1. 11 Young Offensive Players Who Should Have A Breakout Season In 2005

Clipped from: Sporting News article by Dan Pompei posted at, 6/24/05

The Sporting News' annual look at the 11 young offensive players - excluding rookies - who should have a breakout NFL season in 2005:

In his second season, Byron Leftwich arrived. In his third, he should take off. The Jaguars have tried to tailor their offense to Leftwich, one of the more perceptive quarterbacks in the league. For the first time in his NFL career, Leftwich will be allowed to use audibles. That will allow him the freedom to avoid bad play calls and take advantage of mismatches. The Jaguars also want to give Leftwich more opportunities to take shots downfield off play-action, which should highlight his big arm.

It took Kevin Jones a while to get his NFL legs. Once he did, he was one of the finest backs in the NFL. If Jones produces for 16 games the way he did for the last eight of his rookie season, he will rush for 1,812 yards and average 5.3 yards per carry. He's more prepared to put together a full season this year, having added six pounds in the team's off-season conditioning program. Jones also should be helped by the Lions' deep group of gifted receivers.

Several other running backs, especially Steven Jackson of the Rams and Julius Jones of the Cowboys, could be considered breakout candidates. But LaMont Jordan of the Raiders cannot be overlooked. He already has proved he can run in the NFL, with a 4.9-yard average per carry over four years. Now he just needs to prove he can carry the ball 25 times a game. He is certain to get a lot of handoffs with Norv Turner calling plays, and he's likely to see a lot of wide-open spaces with Randy Moss keeping the safeties from cheating up.

There isn't a more physically gifted receiver than the Lions' Roy Williams, and he seems ready to show more of that ability this year. Williams came to the Lions not really knowing how to apply himself by NFL standards. He has learned how to work and prepare, and his performance this season should indicate that.

Atlanta is a team that needs a No.1 receiver to emerge, and Michael Jenkins has the best chance of being that guy. A thin player who did not know how to play physically coming out of college, Jenkins gained 15 pounds in the Falcons' off-season program and is up to 220. He has put in extra time with quarterback Michael Vick in an attempt to improve their chemistry.

Tight end Ben Watson of the Patriots appeared ready to produce as a rookie before suffering a season-ending knee injury in practice the week before Game 2. When the rest of the team went home to celebrate for a month after the Patriots won the Super Bowl, the 2004 first-round pick stayed in Foxborough to work out. Watson is healthy now, and he's a weapon unlike any the Patriots have had.

[ [ [ [ [ [ [ [ [ [ OUR VIEW ] ] ] ] ] ] ] ] ] ]

We here at FBG have already been touting our 2005 breakout candidates for awhile now, but it's interesting to see what some other sources think.
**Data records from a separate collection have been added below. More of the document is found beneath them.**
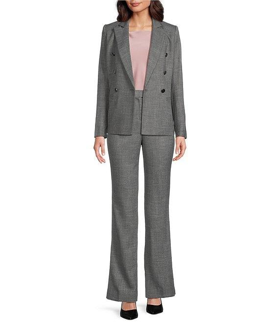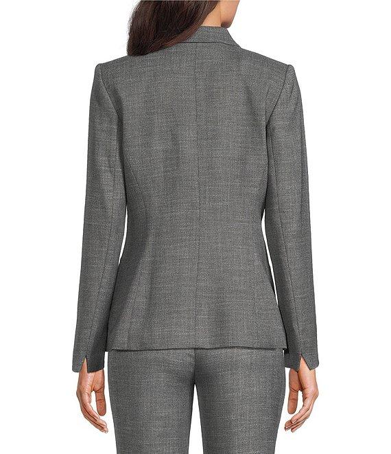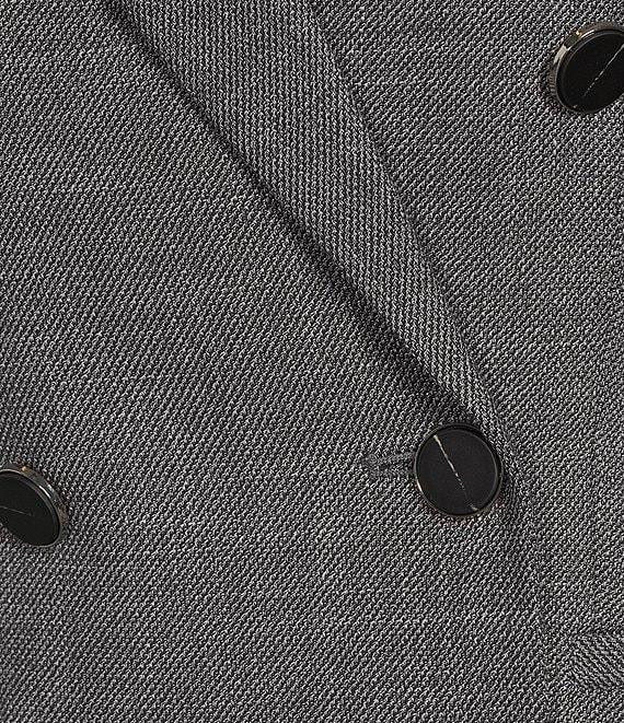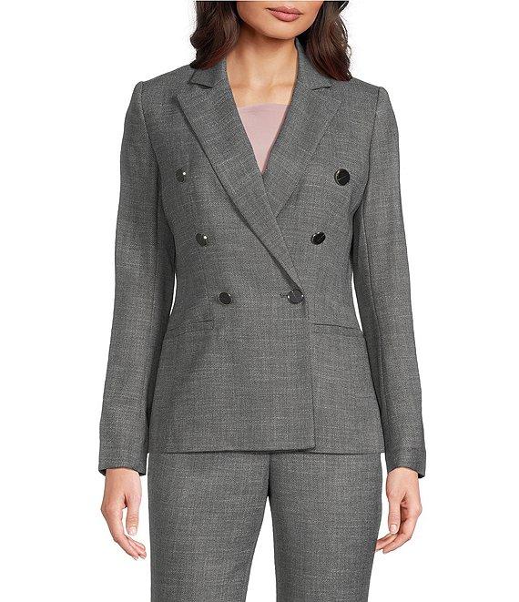 From Calvin Klein, this jacket features: Novelty fabrication Peak lapel collar Long sleeves Two non-functional front-side pockets Non functional chest pocket Double breasted button closure Approx. 25" length Polyester/rayon/spandex Dry clean Imported.
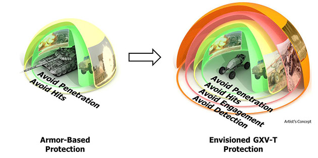 Основна ідея, запропонована DARPA, не в тому, щоб витримати ураження ворожою зброєю, а в тому, щоб уникнути розпізнавання противником та його атаки. Саме з таких міркувань нове покоління машин за програмою GXV-T також повинне отримати позадорожні властивості.
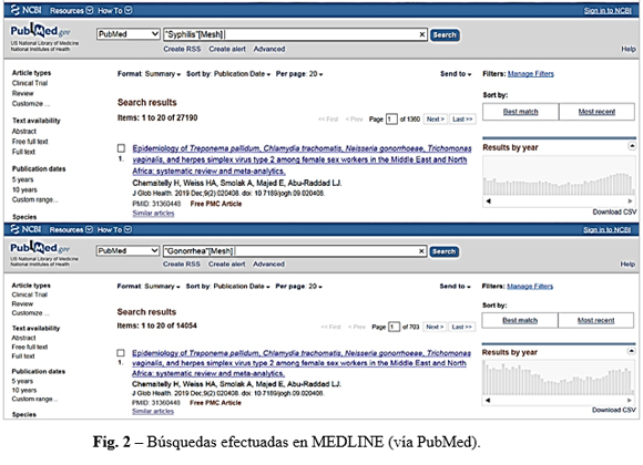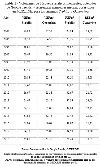 Se utilizó las palabras "Syphilis" y "Gonorrhea" en Google Trends como «término de búsqueda» y para intentar asemejarse a las búsquedas realizadas por personas no expertas no se utilizó ningún tipo de filtro (búsqueda libre). En MEDLINE se realizó la búsqueda utilizando los Medical Subject Headings (MeSH): "Syphilis"[MeSH] y "Gonorrhea"[MeSH]. El periodo de estudio fue desde el año 2004 (primer año en el que Google Trends ofrece los datos) hasta el año 2018. La fecha de consulta fue el 4 de abril de 2019.
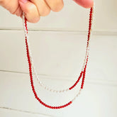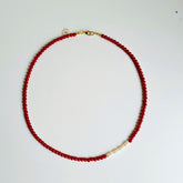 Ook los verkrijgbaar: Ketting Lucky You: kleine koraal en witte parel edelsteentjes. Ketting Heartbeat: heel veel koraal beads, en een paar witte zoetwater pareltjes.
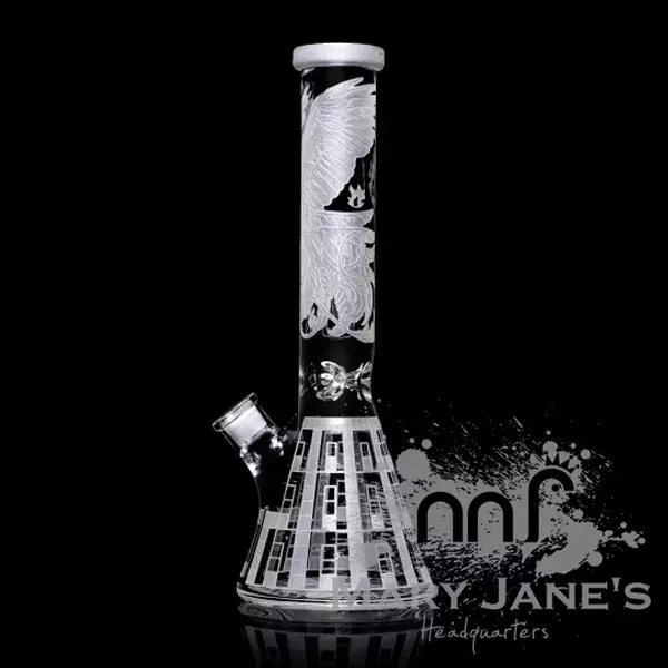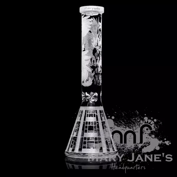 These beautiful beaker bongs made by Milkyway Glass have a sleek, stylish look to them that will be a center piece for sure! Not only are they incredibly good looking, they are also 9 mm thick! All of they’re designs are etched in and frosted so they will never wash off!

A few of these, like Kevin Jones and Roy Williams, seem fairly obvious considering how well they played as rookies. But, other players like Michael Jenkins or Ben Watson are less obvious since they did very little last year. Many fantasy owners get hung up on last year's stats and wind up missing some quality sleeper candidates. If you're interested in learning about some more sleepers, you should click here for the value plays article and click here for the sleeper article that we released recently.

2. TB - RB Cadillac Williams Expects To Start

Clipped from: Florida Today article by Glenn Miller, 6/25/05

The Tampa Bay Buccaneers' running game has puttered along, ranking near the bottom of the NFL in most statistical categories. They ranked 29th in the league in rushing last year. Their average rank in rushing the past five seasons is 27th. They haven't had a 1,000-yard rushing season since Warrick Dunn totaled 1,133 yards in 2000.
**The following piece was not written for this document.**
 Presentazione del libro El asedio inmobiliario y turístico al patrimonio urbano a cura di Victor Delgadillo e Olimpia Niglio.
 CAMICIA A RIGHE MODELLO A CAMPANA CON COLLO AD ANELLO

Now, the Buccaneers bring a new make, new model and new year into their backfield in the form of Carnell "Cadillac" Williams. Williams, a former All-America running back at Auburn, was Tampa Bay's first-round pick in the 2005 draft. The team just completed a three-day mini-camp this week and so far, so good with the new back.

The opening of training camp is more than a month away and Tampa Bay's first regular-season game isn't until Sept. 11. Is it Williams' expectation to start that soon? "I definitely would be lying to you if I said it weren't," Williams said. "My expectation is to start. That's definitely my goal. Come in and start and contribute to the team early."

Veteran Michael Pittman has been Tampa Bay's starting running back since their Super Bowl season of 2002. He rushed for a career-high 926 yards last year, but also led the league with six lost fumbles.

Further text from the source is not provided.